Developing technologies that leap ahead of the terrorists requires vision and strategy, and a good strategy requires hard choices. It begins by establishing criteria for selecting the most crucial technological investments. In my mind, there should be three:
Seeking out technologies that can contribute to building a true national system that addresses all the challenges of terrorism from intelligence and early warning to domestic counterterrorism and response. It is unlikely that any country will have the resources it needs to address every security shortfall or law enforcement need. Thus, the first priority of a sound strategy should be to invest in technologies that best leverage all the existing capabilities that are available by integrating them into a cohesive system.

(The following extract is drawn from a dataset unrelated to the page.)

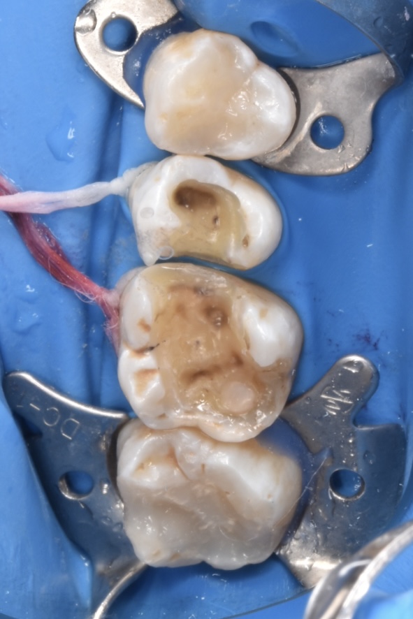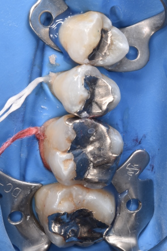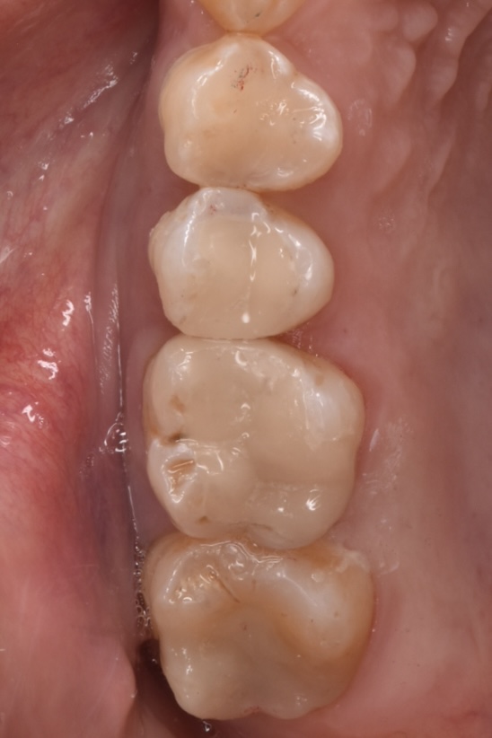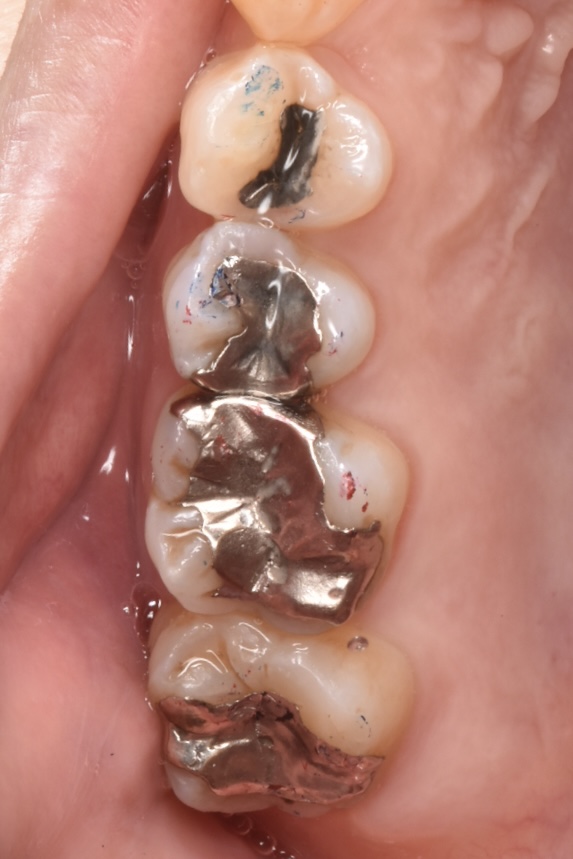 右側の上の歯列 第一小臼歯から第二大臼歯まで銀の詰め物が認められます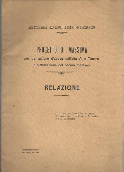 Progetto di massima per derivazione d'acqua nell'alta Valle Tanaro e sistemazione del bacino montano. Relazione. C. Daviso Ing. Capo Prov. Di Cuneo; C. Rivera Ing. Capo Prov. di Alessandria; Ing. L. Marescotti.

Adopting technologies that get the “biggest bang for the buck.” Spending a little research, development, and procurement resources on many things may not buy much of anything. Husbanding and targeting investments on the technologies that can provide the most security for the resources invested, ones that are the most flexible, ones that contribute to addressing a wide range of threats from kidnapping to catastrophic, is a better approach for stealing a march on the terrorists.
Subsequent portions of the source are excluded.